請求書とレシートの両方をスキャンしましたが、PDFpenのOCR機能には感心しました。請求書の読みにくい部分も正確に読み取れましたが、ページの形式が少し変わった部分では少し苦労しました。レシートにはいくつかシワがあったので、スキャン前にできる限り伸ばしました。それでも、スキャン画像にはいくつか暗い線があり、OCRエンジンはこれらの部分で少し苦労しました。これは当然のことですが。しかし、これらの部分を除けば、OCRはレシートと請求書の両方を選択可能なテキストに変換するという素晴らしい仕事をしました。

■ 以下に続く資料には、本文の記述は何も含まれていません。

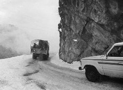 一九九七年十一月二十四日,連續(xù)多日大雪,把整個二郎山裹得嚴嚴實實,白茫茫一片。陣陣山風(fēng)吹過,大霧就像瀑布一樣,從山頂直往下翻涌傾瀉。 一大早,州交通局打冰除雪排險的干部職工就從二郎山管理站直奔山埡口。載有防滑砂的大貨車穿迷霧,繞山梁,向山頂埡口疾馳。由于氣溫太低,霧又大,車上的擋風(fēng)玻璃很快就結(jié)下了冰,路面打滑非常嚴重。前面車輛堵了起來,排險人員只好下車步行。 大霧彌漫,能見度很底,陰霾的天空又飄起了紛紛揚揚的雪花,剌骨的寒風(fēng)陣陣襲來,只聽見車蓬布在風(fēng)中“嗶剝”作響,卻看不見前面到底堵了多少車。排險人員只好相互攙扶踩著冰滑的邊路艱難地向行。好不容易來到堵在最前面的車子面前。原來是一輛載著原木的東風(fēng)牌大貨車側(cè)滑在公路上,把整個公路堵死了。 局領(lǐng)導(dǎo)當即指揮大家用鋼釬、鐵鎬和鋤頭處理冰道,沒有撮箕,大家借來加水桶裝運冰雪……氣溫仍在急劇下降,剛從雪堆里刨出來的路,又被結(jié)起一層冰,就像地面上澆上了油,這就是冰雪道上有名的“桐油凌”。 有二位老同志不顧年老體弱,積極參與打冰除雪,一個在打冰時,被彈起的冰碴把腦門劃了一個口子,鮮血直往外冒。有人想幫他包扎,他堅決不干,自己就用手帕按住,把帽子向下拉蓋住傷口就算了。血從手帕中浸透出來,與眉毛上的冰凌結(jié)在一起。氣溫太低,冰層太厚,十字鎬每挖一下,多數(shù)情況下也就是挖下一個白點而已。不一會兒,另一位老同志已是滿頭大汗,大家勸他休息一下,他卻說:趁著現(xiàn)在雪不是太大,早點把主道上的冰雪多除點,過往二郎山的車輛就多一份安全。 排險人員的手凍紅了,刨冰雪碰傷的指頭還流著鮮血,身上蒸發(fā)的熱氣,把衣領(lǐng)口、袖子口和褲子口結(jié)成了冰,可是,誰也沒有吭一聲。 ……受堵車輛終于向前開動了。 風(fēng),越刮越猛,雪,越來越大。 防滑車在冰雪道上艱難地向前爬行著,車箱上面的職工們揮舞的洋鏟向路面撒著防滑砂。一路上風(fēng)絞雪,防滑車象一頭不聽使喚的牛,顛簸、亂竄,好不容易才來到260(二郎山最險處),對這里“桐油凌”路面進行重點防滑處理后,防滑車又返回來,開始向山頂進發(fā)……風(fēng)雪二郎山上打冰除雪、防滑排險,看似沒有驚天動地的壯舉,身臨其景才知其艱難辛苦。難怪當年每每經(jīng)過二郎山冰天雪地奇險路段的車,都會向風(fēng)雪中屹立路邊的交通系統(tǒng)排險保暢通的職工們鳴笛致敬,風(fēng)雪中的那份情彌足珍貴。 川藏線上的老司機傳下來一首傷心的順口溜:“車過二郎山,如闖鬼門關(guān),萬幸不翻車,也要凍三天!”其險峻實為罕見,尤其是途經(jīng)二郎山260(公路公樁)處,曾被淡虎色變的人稱為“鬼招手”的險路段。 1983年1月3日,有著安全行車44萬公里記錄的一位駕駛員開著輛嶄新的東風(fēng)牌貨車,同行還有兩名職工,夜行二郎山,在彌天大霧中神秘地“失蹤”了。十五天后,搜山的人才用望遠鏡看到260公里路樁處的山崖下,有一塊汽車破篷布掛在樹枝,猶如招魂的凄厲幌幡在冷風(fēng)中招搖晃動。鋼纜繩吊著搜山的人下到崖下400米深處的谷底。扒開一座座雪堆,叫人汗毛倒豎:雪堆下,盡是廢大梁、爛車廂、銹車頭和支離破碎的汽車,足有一個汽車連!一輛不知埋了多久的卡車廂里牛肉已腐爛,駕駛室里坐著三具發(fā)黑的僵尸……其狀慘不忍睹!

一方、私の手書き文字はOCRエンジンの能力を完全に超えていました。OCRソフトウェアは通常、手書き文字を認識できないため、これは驚くべきことではありません。(比較のために、同じスキャン文書をオープンソースのTesseract OCRエンジンを搭載したWeOCRサーバーに入力してみましたが、こちらも私の手書き文字を認識できませんでした。)

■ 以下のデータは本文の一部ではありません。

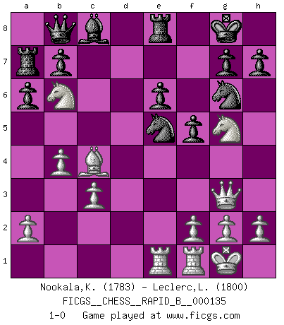 Last move : 1-0 2010 February 14 4:58:5 [Event "FICGS__CHESS__RAPID_B__000135"] [Site "FICGS"] [Date "2010.01.01"] [Round "1"] [White "Nookala,Kamesh"] [Black "Leclerc,Luc-Olivier"] [Result "1-0"] [WhiteElo "1783"] [BlackElo "1800"] 1.e4 c6 2.c3 d5 3.e5 c5 4.d4 Nc6 5.Be2 Qb6 6.dxc5 Qxc5 7.b4 Qb6 8.Qxd5 e6 9.Qe4 f5 10.Qf4 Nge7 11.Nf3 Ng6 12.Qg3 Qc7 13.Na3 a6 14.Nc4 Be7 15.Be3 O-O 16.Bb6 Qb8 17.Bd3 Bd8 18.O-O Bxb6 19.Nxb6 Ra7 20.Bc4 Ncxe5 21.Ng5 Re8 22.Rae1 1-0 Caro-Kann defense Kingside Castling by player Black (move 15) Kingside Castling by player White (move 18) Player White won this chess game. Follow this game move after move (download)Chess teaches you to control the initial excitement you feel when you see something that looks good and it trains you to think objectively when you're in trouble. (Stanley Kubrick) Um sich vor der Gefahr einer Erkältung zu schützen, sorge der wanderlustige König beizeiten für ein brauchbares Versteck. (Aaron Nimzowitsch) Yo he agregado estos principios a la ley: pongan los Caballos en acción antes de que los dos Alfiles sean desarrollados. (Emanuel Lasker) Aidez vos pièces, elles vous aideront. (Paul Morphy) There are three kinds of lies: lies, damned lies and statistics. (Mark Twain)

最近の多くのスキャナーは、ドライバーソフトウェアにOCR機能を搭載しています。お使いのスキャナーにOCR機能が搭載されていない場合、あるいはスキャン済みの文書を再スキャンせずに使用可能なテキストに変換する方法をお探しの場合は、PDFpenのOCRソフトウェアが、高価なスタンドアロンOCRパッケージの代替として最適です。

Macworldの購入アドバイス

プレビューよりも多くのPDF編集機能が欲しい、あるいはスキャンした文書のOCR変換が必要な場合は、PDFpenが最適です。Acrobat Proに匹敵する機能でありながら、PDFpenの価格はAcrobat Proの約10分の1です。いくつか欠点はありますが、プログラムのPDF編集機能に大きな悪影響を与えるものではありません。